§ **DATASET EXCERPT**
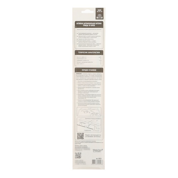Антенна автомобильная "Триада-20 Super", активная, всеволновая, регулировка усиления
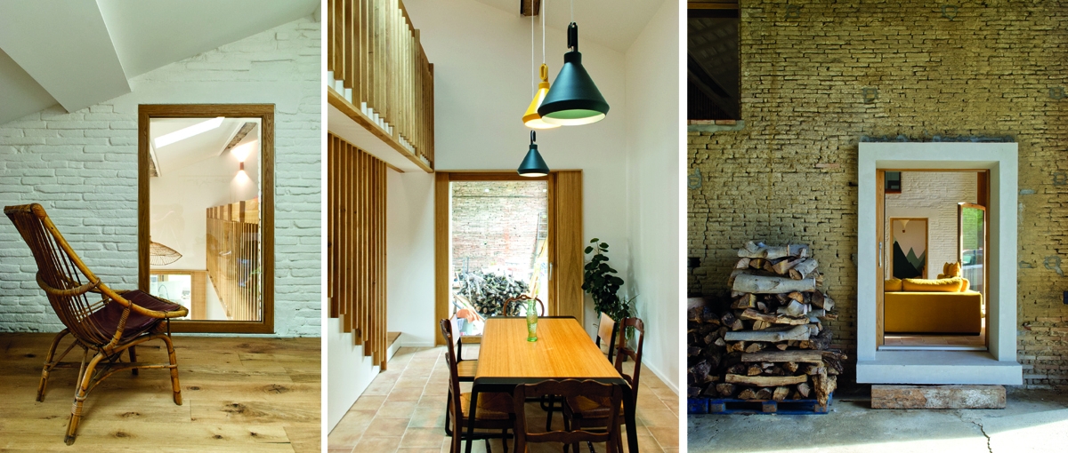 Initialement très introverties, la maison et la grange attenante étaient séparées par un mur de refend aveugle. Un des principaux enjeux de ce projet a été d’amplifier la relation entre l’intérieur et l’extérieur, d’ouvrir la maison sur son jardin et de créer des interconnexions avec la grange.
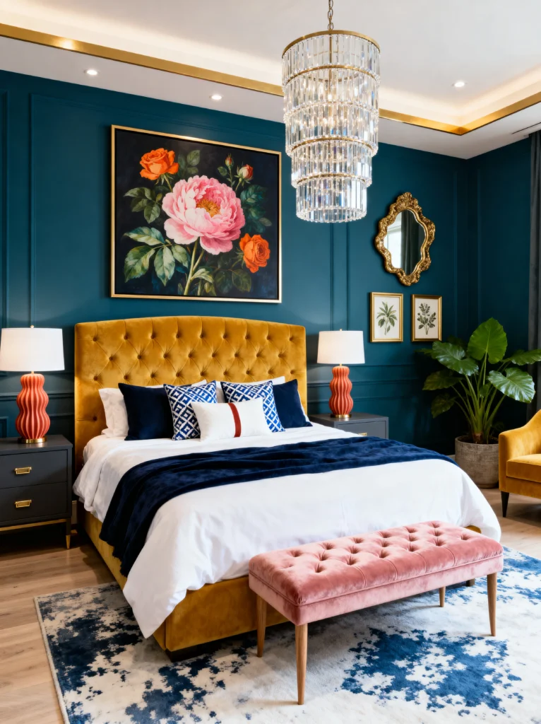 I also love the mix of patterns on the pillows. You have a classic Greek key-style blue and white print mixed with solid velvets. It’s a great way to show that you don’t have to be a “minimalist” to have a room that feels organized and clean. The pink velvet bench at the end of the bed is the “cherry on top,” adding a soft, feminine touch to a room full of bold colors.

§ **ABOUT THIS EXERCISE**
Write out every line above again exactly, with the pictures left out.

§ **FINISHED TASK**
Антенна автомобильная "Триада-20 Super", активная, всеволновая, регулировка усиления
 Initialement très introverties, la maison et la grange attenante étaient séparées par un mur de refend aveugle. Un des principaux enjeux de ce projet a été d’amplifier la relation entre l’intérieur et l’extérieur, d’ouvrir la maison sur son jardin et de créer des interconnexions avec la grange.
 I also love the mix of patterns on the pillows. You have a classic Greek key-style blue and white print mixed with solid velvets. It’s a great way to show that you don’t have to be a “minimalist” to have a room that feels organized and clean. The pink velvet bench at the end of the bed is the “cherry on top,” adding a soft, feminine touch to a room full of bold colors.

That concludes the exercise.